And Adam said, "Lord, when I was in the garden, you walked with me every day. Now I do not see you anymore. I am lonesome and it is difficult for me to remember how much you love me."
God said, "No problem! I will create a companion for you that will be with you forever and who will be a reflection of my love for you, so that you will know I love you, even when you cannot see me. Regardless of how selfish and childish and unlovable you may be, this new companion will accept you as you are and will love you as I do, in spite of yourself."
God created a new animal to be a companion for Adam. And it was a good animal. And God was pleased. And the new animal was pleased to be with Adam and he wagged his tail. And Adam said, "But Lord, I have already named all the animals in the Kingdom and all the good names are taken and I cannot think of a name for this new animal."
And God said, "No problem! Because I have created this new animal to be a reflection of my love for you, his name will be a reflection of my own name, and you will call him DOG."
And Dog lived with Adam and was a companion to him and loved him. And Adam was comforted. And God was pleased. And Dog was content and wagged his tail.
After a while, it came to pass that Adam's Guardian Angel came to the Lord and said, "Lord, Adam has become filled with pride. He struts and preens like a peacock and he believes he is worthy of adoration. Dog has indeed taught him that he is loved, but no one has taught him humility."
And the Lord said, "No problem! I will create for him a companion who will be with him forever and who will see him as he is. The companion will remind him of his limitations, so he will know that he is not always worthy of adoration."
And God created CAT to be a companion to Adam. And Cat would not obey Adam. And when Adam gazed into Cat's eyes, he was reminded that he was not the supreme being.
And Adam learned humility.
And God was pleased. And Adam was greatly improved. And Cat did not care one way or the other.
Debby wasn't home, and it was getting awfully late. Not knowing any of her girlfriend's phone numbers, her Mother fired-up Debbi's computer & saw a list of e-mail addresses. She sent a note to each name asking if they knew where her daughter was.
Within twenty minutes, she got back 16 replies all saying that she wasn't to worry, that Debby was spending the night at their house and had neglected to telephone.
When I was in high-school, Joel, a buddy of mine & I were discussing a girl from French class we had both befriended. Her family had recently relocated to the metro area from a farm way out in the sticks. We both agreed that we'd never met a sweeter girl before, but she was too naive & trusting. Joel said, "Listen, for her own good, and as her friends, we've got to teach her quickly what's right & what's wrong." I replied, "Agreed! You teach her what's right"
At a school in Oregon, the young girls were just starting to wear lipstick. They would go into the bathroom and put on their lipstick and kiss the mirror to blot it. The janitor was having a terrible time trying to get the mirror clean and keep it clean.

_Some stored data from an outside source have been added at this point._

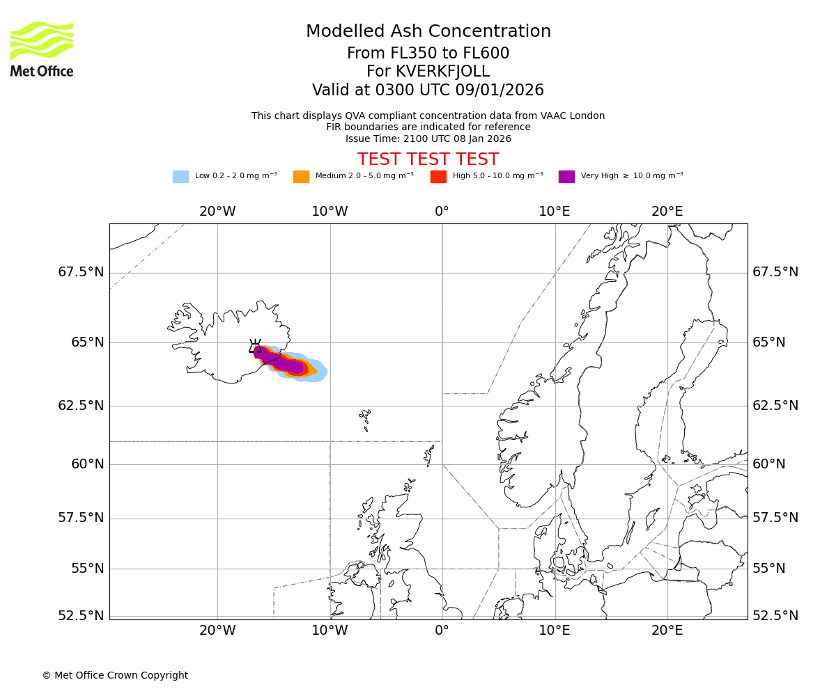 Modelled ash concentration from 350 to 600 for KVERKFJOLL. Valid at 2100 UTC 08/01/2026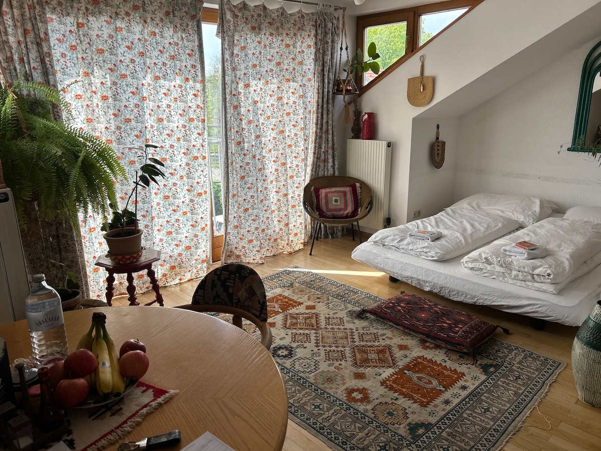 PLEASE READ THE DESCRIPTION carefully so that we can welcome you perfectly in our house. You will find a peaceful retreat, great hiking routes, a lot of silence and even convenient homeoffice. The basic price is for up to 4 people, including THE STUDIO (living room, kitchen, bathroom) and 1 BEDROOM . If you want a FURTHER BEDROOM (1 double bed) please BOOK 5 PEOPLE.
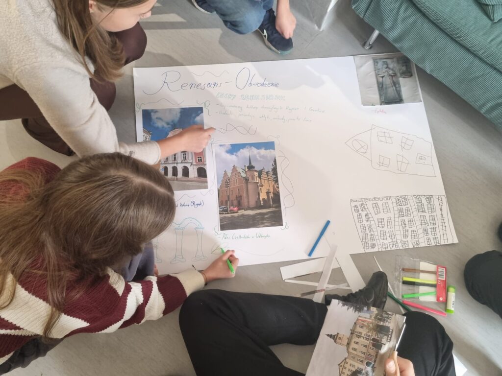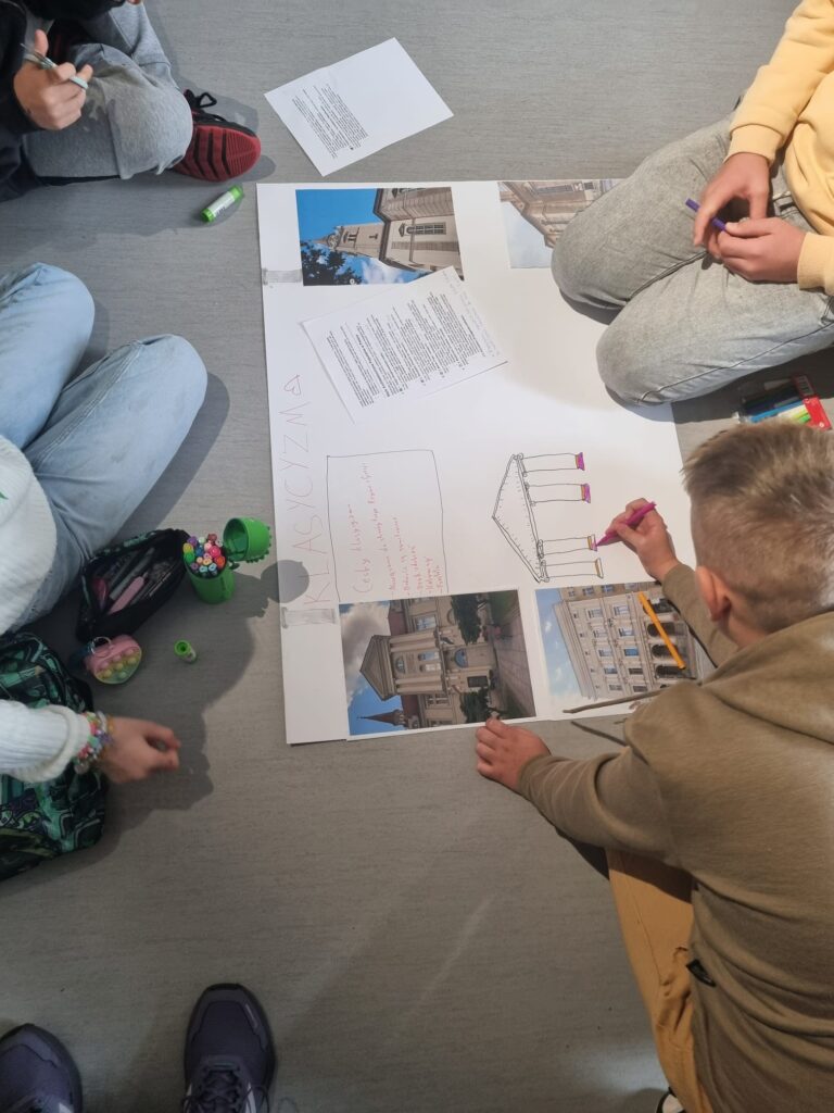 Spotkanie było nie tylko lekcją historii i sztuki, ale także doskonałą okazją do rozwijania kreatywności, wrażliwości estetycznej oraz współpracy w grupie. Uczniowie z dużym zaangażowaniem tworzyli swoje projekty, wykazując się pomysłowością i znajomością poznanych stylów.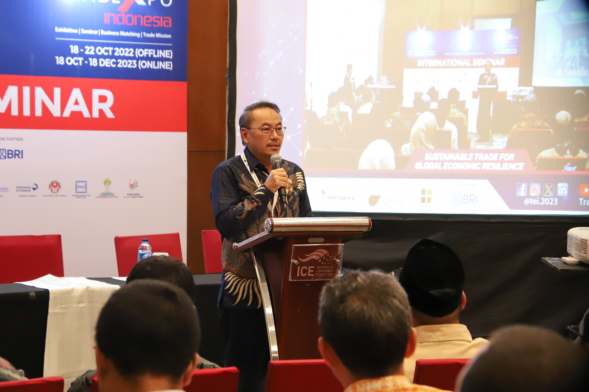 Direktur Jenderal Pengembangan Ekspor Nasional, Didi Sumedi menjadi pembicara kunci pada Seminar Halal Nararative to Boost Sustainable Export of Indonesia Halal Products di Indonesia Convention Exhibition (ICE) BSD City, Tangerang, Sabtu (21 Okt). Seminar ini merupakan salah satu dari rangkaian acara pada perhelatan Trade Expo Indonesia (TEI) 2023.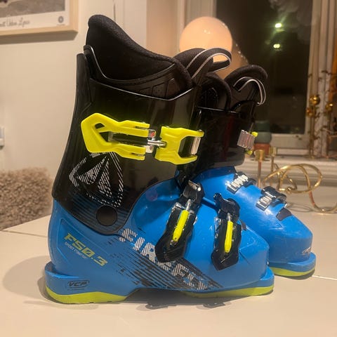 Firefly slalompjäxor junior. Innermått 26.0, ca stl 39-40. Insidan är hel och i fint skick. Utsidan är synligt använd men hel och i bra skick. Finns i Högdalen i Stockholm om ni vill komma och prova dom.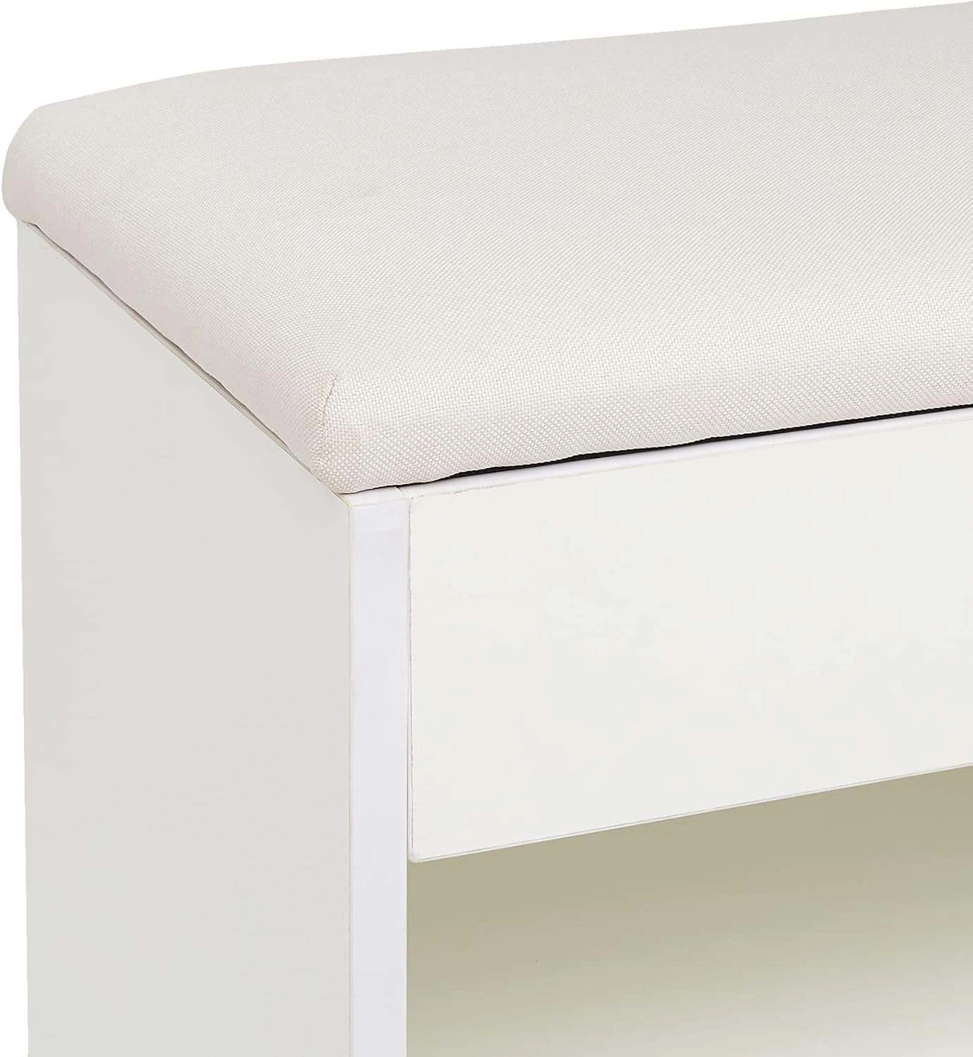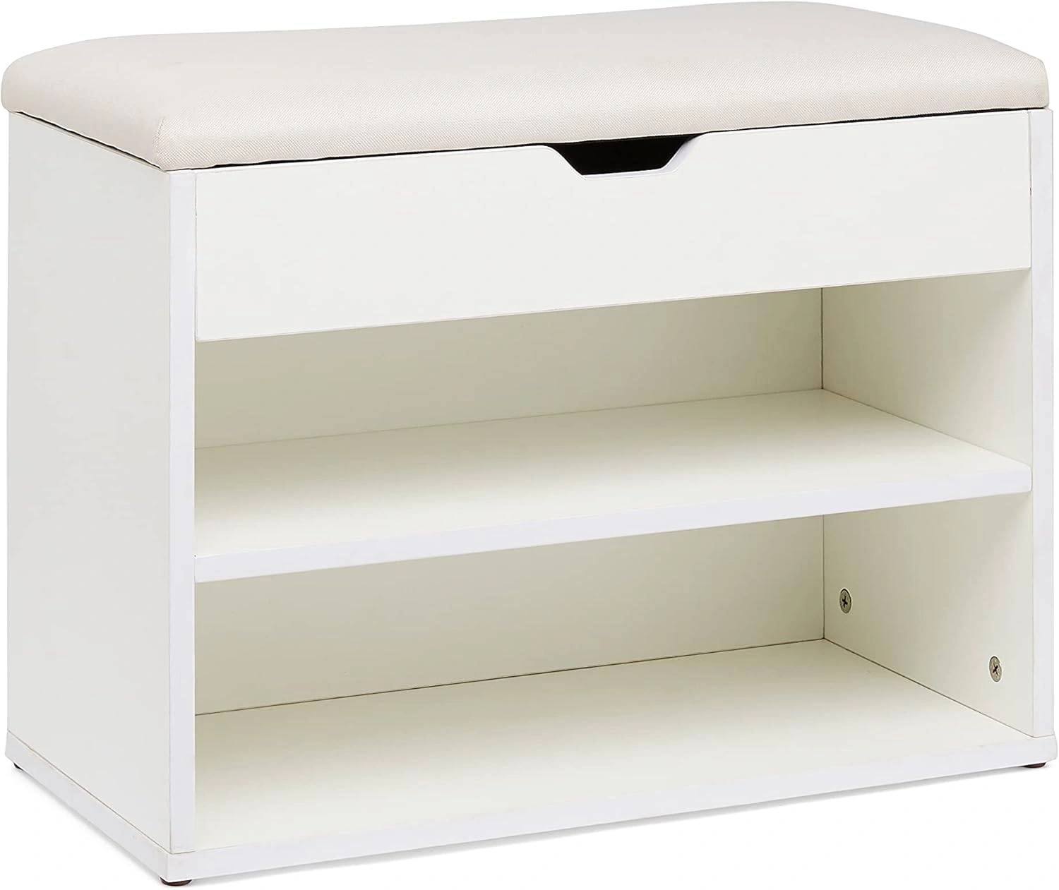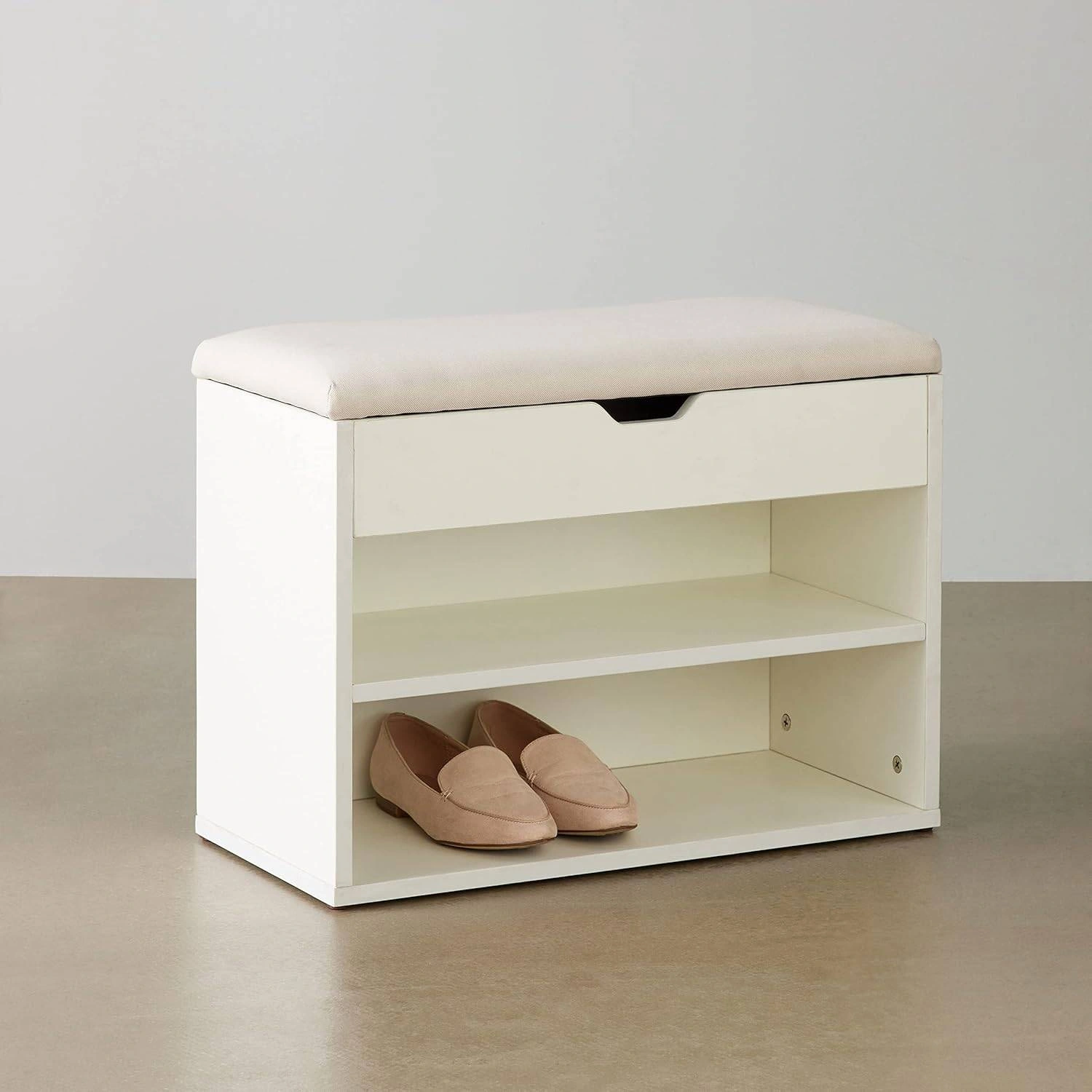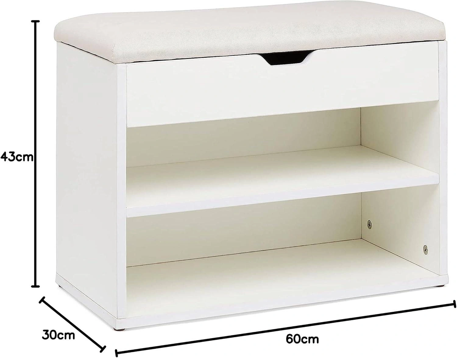 2 Tier Wooden Shoe Rack, Beige Fabric Cushion

He talked to the principle and the principle tried to talk to the girls, explaining how hard it was to clean the mirror of the lipstick.
It did no good, so he had all the girls come into the bathroom with the janitor so he could show them how hard it was to clean the mirror. The janitor took the scrub brush and scrubbed and scrubbed, the mirror was still a mess, and then he dipped the brush in the toilet and went back to the mirror and scrubbed again.
There has been no one kissing the mirror since.